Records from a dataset

------------

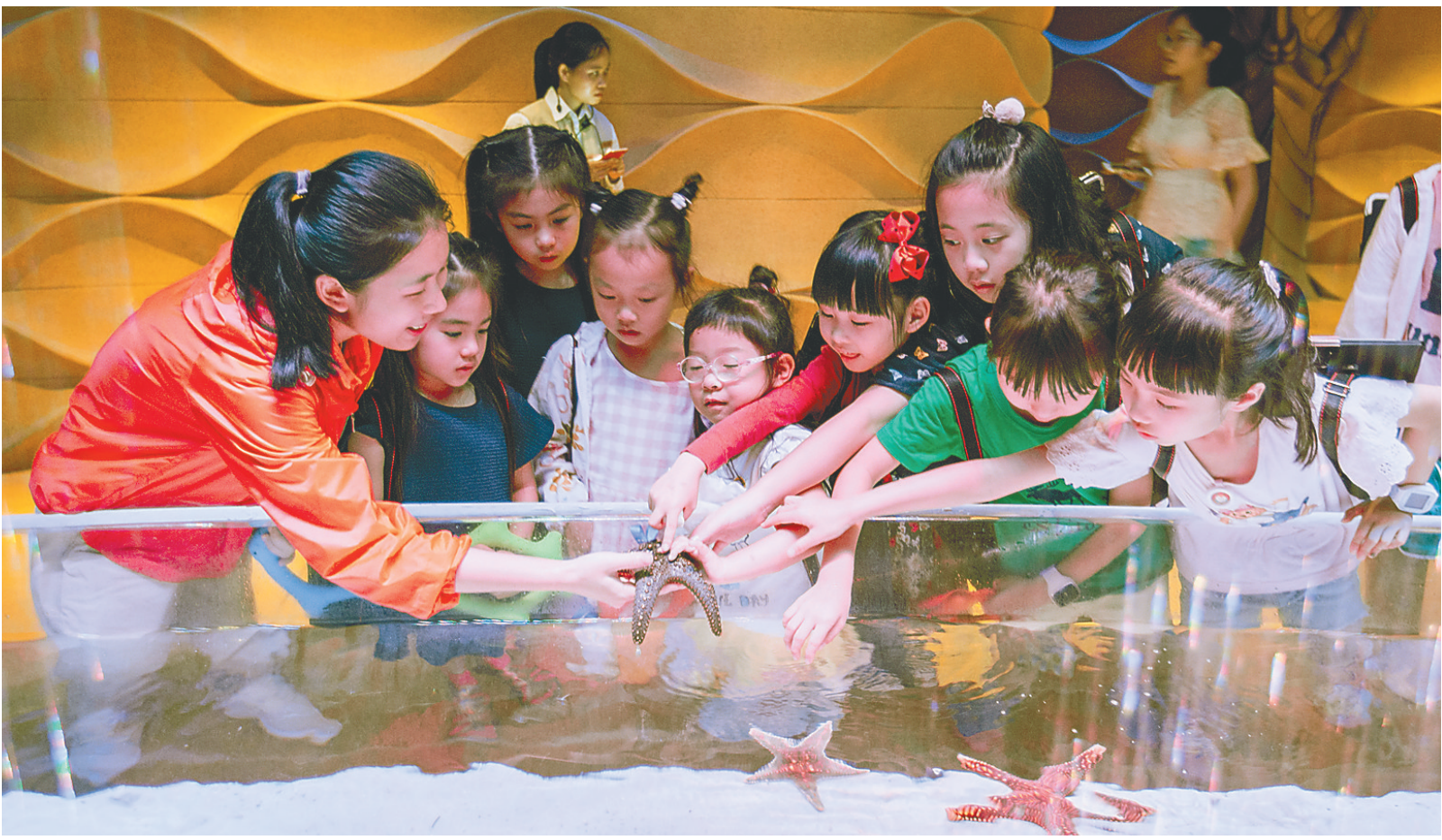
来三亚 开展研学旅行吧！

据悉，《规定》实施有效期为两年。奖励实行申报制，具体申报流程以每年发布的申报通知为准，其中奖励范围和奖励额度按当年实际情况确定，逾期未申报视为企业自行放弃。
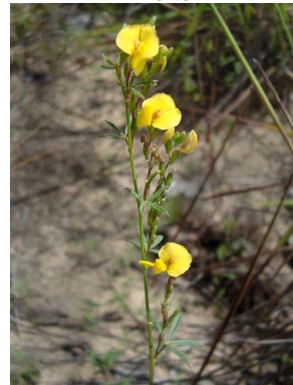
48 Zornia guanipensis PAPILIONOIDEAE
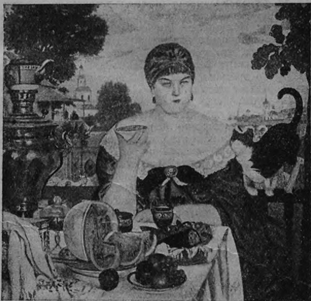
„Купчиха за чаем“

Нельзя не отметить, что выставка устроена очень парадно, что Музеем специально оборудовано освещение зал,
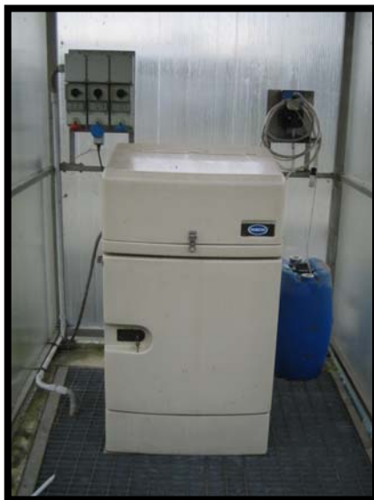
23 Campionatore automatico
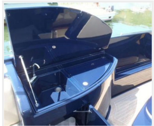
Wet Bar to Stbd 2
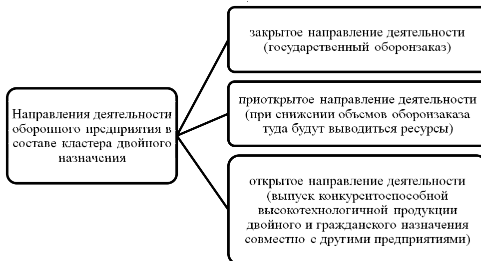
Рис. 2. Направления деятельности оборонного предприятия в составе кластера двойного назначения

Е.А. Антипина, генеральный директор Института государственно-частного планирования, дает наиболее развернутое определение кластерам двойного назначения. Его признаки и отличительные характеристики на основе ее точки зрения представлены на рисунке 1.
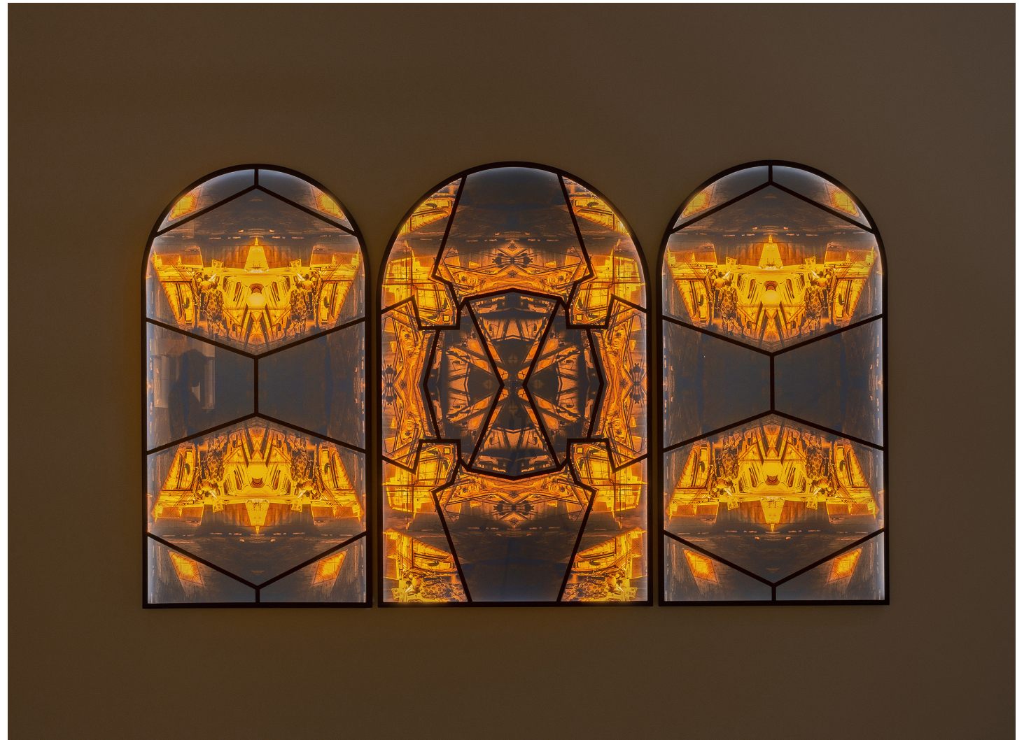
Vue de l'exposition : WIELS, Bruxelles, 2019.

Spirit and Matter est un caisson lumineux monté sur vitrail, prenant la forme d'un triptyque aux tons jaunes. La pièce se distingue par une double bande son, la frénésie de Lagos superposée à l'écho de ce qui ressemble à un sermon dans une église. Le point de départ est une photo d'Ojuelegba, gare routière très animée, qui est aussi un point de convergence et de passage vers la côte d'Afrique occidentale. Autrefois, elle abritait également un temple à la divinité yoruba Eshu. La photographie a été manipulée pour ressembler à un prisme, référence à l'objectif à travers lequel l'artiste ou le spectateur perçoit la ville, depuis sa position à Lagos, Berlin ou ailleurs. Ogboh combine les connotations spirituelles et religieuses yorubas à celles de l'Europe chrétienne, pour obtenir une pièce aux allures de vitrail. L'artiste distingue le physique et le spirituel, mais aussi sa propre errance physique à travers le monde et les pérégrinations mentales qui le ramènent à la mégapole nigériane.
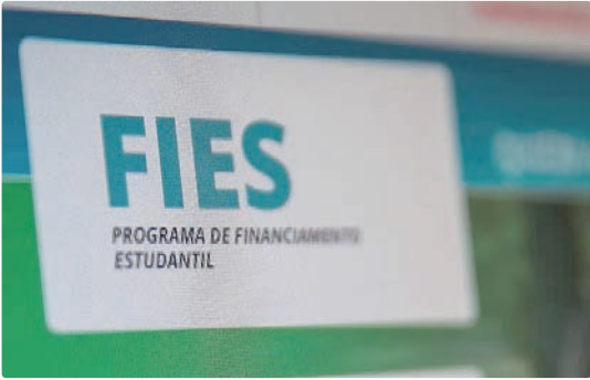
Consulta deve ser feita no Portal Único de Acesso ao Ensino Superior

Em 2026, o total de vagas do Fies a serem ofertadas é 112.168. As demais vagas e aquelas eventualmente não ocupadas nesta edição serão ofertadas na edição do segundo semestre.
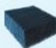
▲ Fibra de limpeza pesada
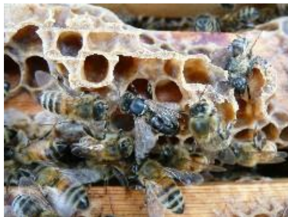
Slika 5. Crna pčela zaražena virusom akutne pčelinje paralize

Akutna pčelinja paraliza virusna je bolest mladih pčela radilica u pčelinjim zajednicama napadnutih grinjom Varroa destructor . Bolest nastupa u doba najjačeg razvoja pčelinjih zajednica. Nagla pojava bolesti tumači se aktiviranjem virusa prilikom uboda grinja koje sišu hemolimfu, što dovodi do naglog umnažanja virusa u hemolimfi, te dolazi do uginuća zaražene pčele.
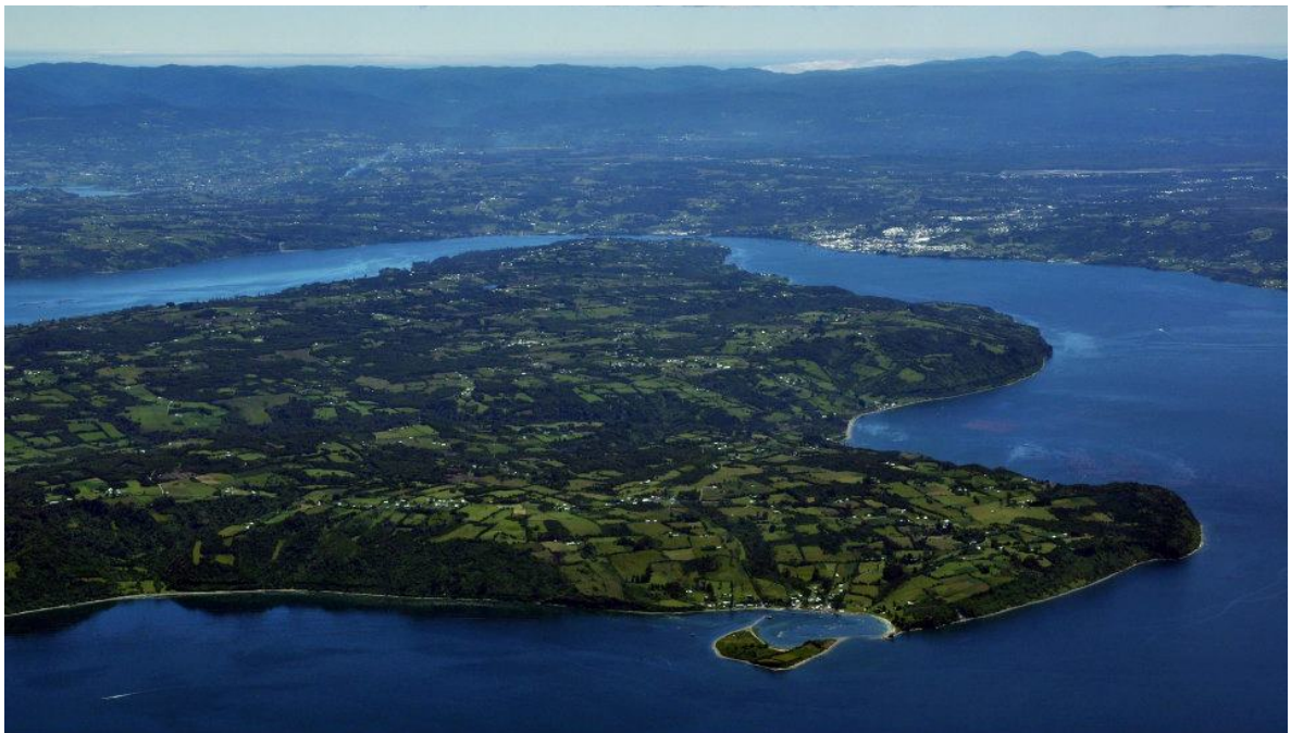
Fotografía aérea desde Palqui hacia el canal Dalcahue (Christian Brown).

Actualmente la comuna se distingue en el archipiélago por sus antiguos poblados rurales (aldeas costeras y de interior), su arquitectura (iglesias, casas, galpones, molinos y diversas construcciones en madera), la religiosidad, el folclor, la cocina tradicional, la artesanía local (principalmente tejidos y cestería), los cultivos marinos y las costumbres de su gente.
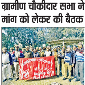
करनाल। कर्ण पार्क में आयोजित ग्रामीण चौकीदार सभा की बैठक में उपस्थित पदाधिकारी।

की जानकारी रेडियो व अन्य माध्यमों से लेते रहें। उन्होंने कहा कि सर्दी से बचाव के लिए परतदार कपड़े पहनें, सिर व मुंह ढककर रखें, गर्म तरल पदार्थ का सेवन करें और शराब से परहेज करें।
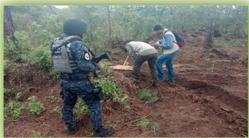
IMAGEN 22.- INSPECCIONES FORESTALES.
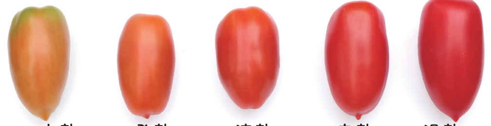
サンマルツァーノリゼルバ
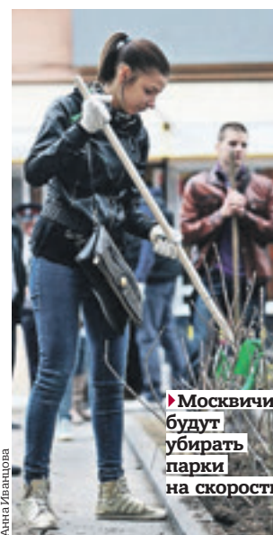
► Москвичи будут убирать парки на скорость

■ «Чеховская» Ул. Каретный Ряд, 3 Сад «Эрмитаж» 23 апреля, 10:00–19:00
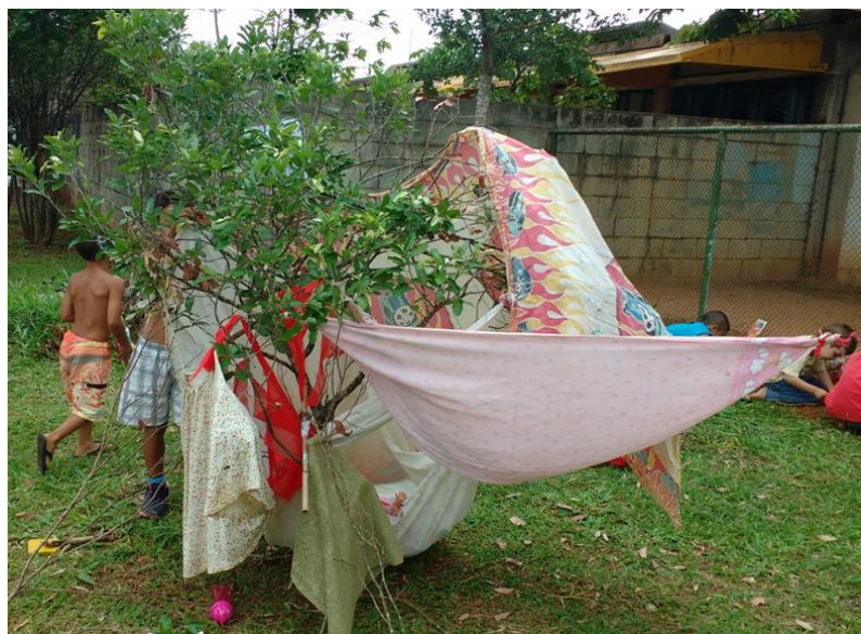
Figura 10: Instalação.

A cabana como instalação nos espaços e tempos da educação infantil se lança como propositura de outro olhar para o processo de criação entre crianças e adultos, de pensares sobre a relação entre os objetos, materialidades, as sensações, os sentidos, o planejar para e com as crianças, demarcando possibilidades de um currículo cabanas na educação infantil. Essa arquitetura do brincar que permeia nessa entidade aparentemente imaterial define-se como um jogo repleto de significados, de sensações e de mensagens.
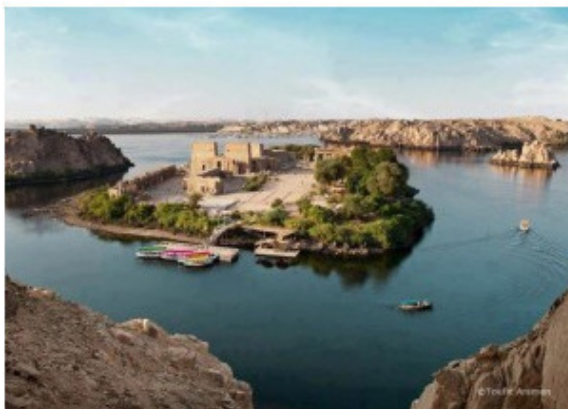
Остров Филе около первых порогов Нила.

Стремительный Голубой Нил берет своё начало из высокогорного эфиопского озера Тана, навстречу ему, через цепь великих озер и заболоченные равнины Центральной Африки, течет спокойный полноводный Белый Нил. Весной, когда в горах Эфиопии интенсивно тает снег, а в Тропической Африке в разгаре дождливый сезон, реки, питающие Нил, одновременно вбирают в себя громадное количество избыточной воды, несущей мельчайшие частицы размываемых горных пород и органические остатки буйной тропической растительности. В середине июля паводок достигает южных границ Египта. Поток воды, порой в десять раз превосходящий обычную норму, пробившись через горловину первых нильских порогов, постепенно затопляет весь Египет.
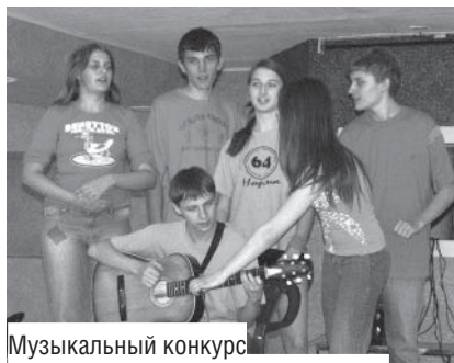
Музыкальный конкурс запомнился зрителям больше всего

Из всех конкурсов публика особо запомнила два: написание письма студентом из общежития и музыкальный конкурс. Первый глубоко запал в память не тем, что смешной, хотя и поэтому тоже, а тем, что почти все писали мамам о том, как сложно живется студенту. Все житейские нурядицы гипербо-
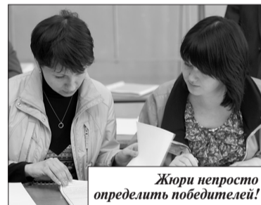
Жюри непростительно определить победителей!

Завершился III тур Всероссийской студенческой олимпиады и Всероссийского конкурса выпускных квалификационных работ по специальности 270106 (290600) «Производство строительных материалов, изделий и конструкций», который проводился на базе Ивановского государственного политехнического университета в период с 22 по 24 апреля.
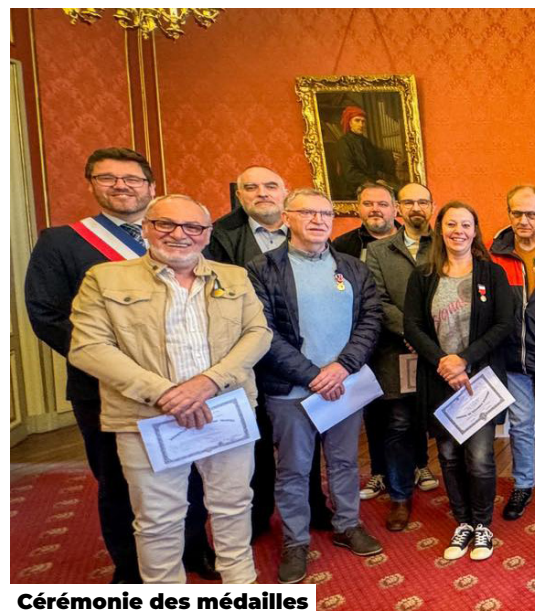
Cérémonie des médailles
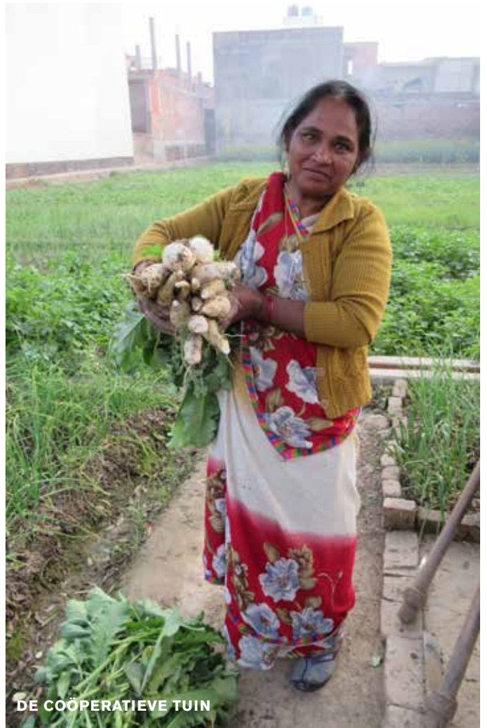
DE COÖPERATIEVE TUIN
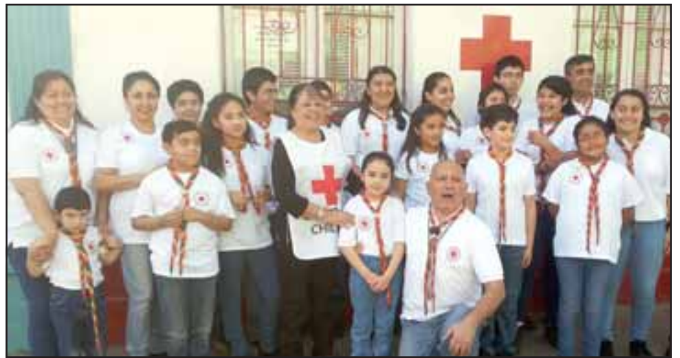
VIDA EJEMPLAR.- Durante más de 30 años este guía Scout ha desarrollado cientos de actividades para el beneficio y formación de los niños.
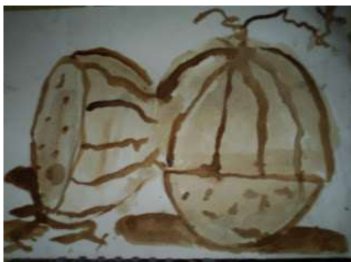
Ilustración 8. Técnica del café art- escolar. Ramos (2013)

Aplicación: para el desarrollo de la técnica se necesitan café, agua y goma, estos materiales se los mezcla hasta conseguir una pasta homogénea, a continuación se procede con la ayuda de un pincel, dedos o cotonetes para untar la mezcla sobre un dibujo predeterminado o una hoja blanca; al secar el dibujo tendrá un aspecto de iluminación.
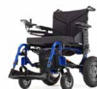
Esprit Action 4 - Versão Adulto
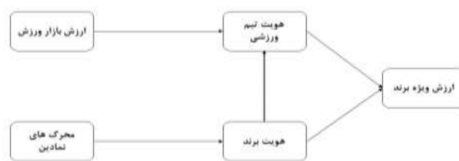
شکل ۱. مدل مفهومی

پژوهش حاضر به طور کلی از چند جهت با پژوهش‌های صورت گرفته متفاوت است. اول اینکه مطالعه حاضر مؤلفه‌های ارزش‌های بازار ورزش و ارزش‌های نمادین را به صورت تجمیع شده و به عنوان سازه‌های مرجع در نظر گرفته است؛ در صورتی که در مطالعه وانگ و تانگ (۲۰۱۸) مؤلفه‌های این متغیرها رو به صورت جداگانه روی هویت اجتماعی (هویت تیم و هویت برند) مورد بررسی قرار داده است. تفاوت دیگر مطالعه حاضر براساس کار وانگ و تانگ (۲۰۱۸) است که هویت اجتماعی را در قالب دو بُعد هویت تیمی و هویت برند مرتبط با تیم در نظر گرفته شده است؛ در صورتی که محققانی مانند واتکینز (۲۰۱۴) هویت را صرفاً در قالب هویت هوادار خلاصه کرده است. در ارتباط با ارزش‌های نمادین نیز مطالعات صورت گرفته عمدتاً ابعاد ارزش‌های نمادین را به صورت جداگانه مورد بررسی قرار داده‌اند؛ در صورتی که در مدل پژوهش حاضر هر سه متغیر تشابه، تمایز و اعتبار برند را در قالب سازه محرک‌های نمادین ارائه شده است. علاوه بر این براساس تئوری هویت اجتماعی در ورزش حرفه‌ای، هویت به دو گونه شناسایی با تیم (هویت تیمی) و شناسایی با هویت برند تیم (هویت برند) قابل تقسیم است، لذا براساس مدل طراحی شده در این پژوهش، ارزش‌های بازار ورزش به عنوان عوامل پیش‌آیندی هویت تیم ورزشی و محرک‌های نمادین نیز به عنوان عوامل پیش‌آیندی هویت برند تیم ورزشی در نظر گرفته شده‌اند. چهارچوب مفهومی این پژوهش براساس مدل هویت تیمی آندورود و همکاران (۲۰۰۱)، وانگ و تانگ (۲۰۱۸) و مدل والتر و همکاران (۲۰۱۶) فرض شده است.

------------

Determine how many lines in the records include the string "двойного". Only that number should be given.

2